Ktracho - Friday, April 10, 2015 - link
Part of my concern is that AMD may no longer be viable for the gaming market in that timeframe, and Intel may decide to reduce access to PCIe lanes, at least in their consumer grade CPUs, as they do on some lower-performance CPUs. If this happens, will ARM be good enough or viable for gaming? Not every company is serious about gaming. Will Intel be the next company to take Apple's lead?testbug00 - Friday, April 10, 2015 - link
ARM will be good enough for gaming. 3 of Apple's Cyclone+ cores manage to be about as fast as 2 of Intel's Core M cores. Not sure of what clocks they each were exactly hitting... But, A57 approx 35-45% behind Cyclone+ clock per clock (based on single thread benchmarks, I don't know if either chip throttled (sorry!))A72 should bring that to around the IPC of Cyclone. If it hits under 2Ghz clockspeed I would be shocked. In current games that would be a problem, but, with APIs getting more and more multithreaded, you could see the performance loss not being very high.
Nevermind the A72 is for late 2015/2016. So, by 2018 I imagine ARM likely can get a design in the performance of consumer i5-i7 SKU. Hopefully.
MrSpadge - Friday, April 10, 2015 - link
No, PCIe is not going anywhere except to generation 4 with again double the bandwidth. Sure, at some point really massive integrated GPUs may be enough for most. But there's always going to be a market for "accelerators" in some way in the near to mid-term future. This includes GPUs and other stuff.testbug00 - Friday, April 10, 2015 - link
His question was more about Intel supporting it. How fast Gen4 is doesn't matter if Intel doesn't use it at all. Broadwell offers a total of 12 PCI 2.0 lanes, 2x4, 4x1. That drops the performance of a 980 9% at 1440p. Now, those are all laptop parts so far, so, the PCI implementation there is likely for maximum power saving. Hopefully desktop chips bring more.http://www.anandtech.com/show/8814/intel-releases-...
Zotamedu - Thursday, April 16, 2015 - link
That's Broadwell-U, the low power SOC version with a maximum TDP of 28 W. They are not comparable with the larger Haswell or upcoming Skylake chips. Skylake will have even more total bandwidth than Haswell because they will increase the bandwidth the the PCH when they update to DMI 3.0. So that's PCIe 3.0 x16 from the CPU and double the bandwidth to PCH to 40 Gb/s. PCIe 4.0 is expected to show up in Skylake-E. Bandwidth to GPUs isn't that much of a bottleneck currently. PCIe 3.0 x16 is enough for most dual GPU systems today and for the larger builds, there's always the s2011 platforms with more lanes. A doubling of bandwidth with PCIe 4.0 will make sure bandwidth is not a problem. They are moving faster than the GPU manufacturers can.Why would Intel invest in a product designed by Nvidia for HPC use? Nvlink is not made to replace PCIe in gaming computers. It's designed for HPC and even there it's a niche product.

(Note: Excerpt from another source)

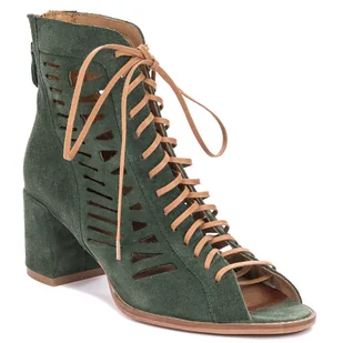 Maciejka Botki damskie skórzane ażurowe Zielone Oryginalny model renomowanej marki Maciejka to nowość z kolekcji wiosna/lato. Wygodne botki, które są jednocześnie sandałami dodadzą charakteru i wyrazistości każdej stylizacji. Cholewka to naturalna skóra welurowa w kolorze zielonym z ażurowym motywem w całości wiązana, tylną część cholewki zdobi zamek. Wiązanie pozwoli dostosować but do tęgości stopy, jest to niewątpliwy atut tego modelu. Dzięki dwojakiemu zapięciu sama decydujesz, którą formę wybierasz i która jest dla Ciebie wygodniejsza, podczas zakładania i zdejmowania.

mehrotrasc - Friday, April 10, 2015 - link
Congratulations to all members of the team for excellent product which will lead to many breakthrough real time applications...dahippo - Saturday, April 11, 2015 - link
Can I dropp a a-bomb faster or is it wrong department :)JoJoman88 - Saturday, April 11, 2015 - link
Sorry Testbug, it was a joke. I always get a kick out of people who think stuff like this would apply to their regular PC. Guess it was my inside joke then.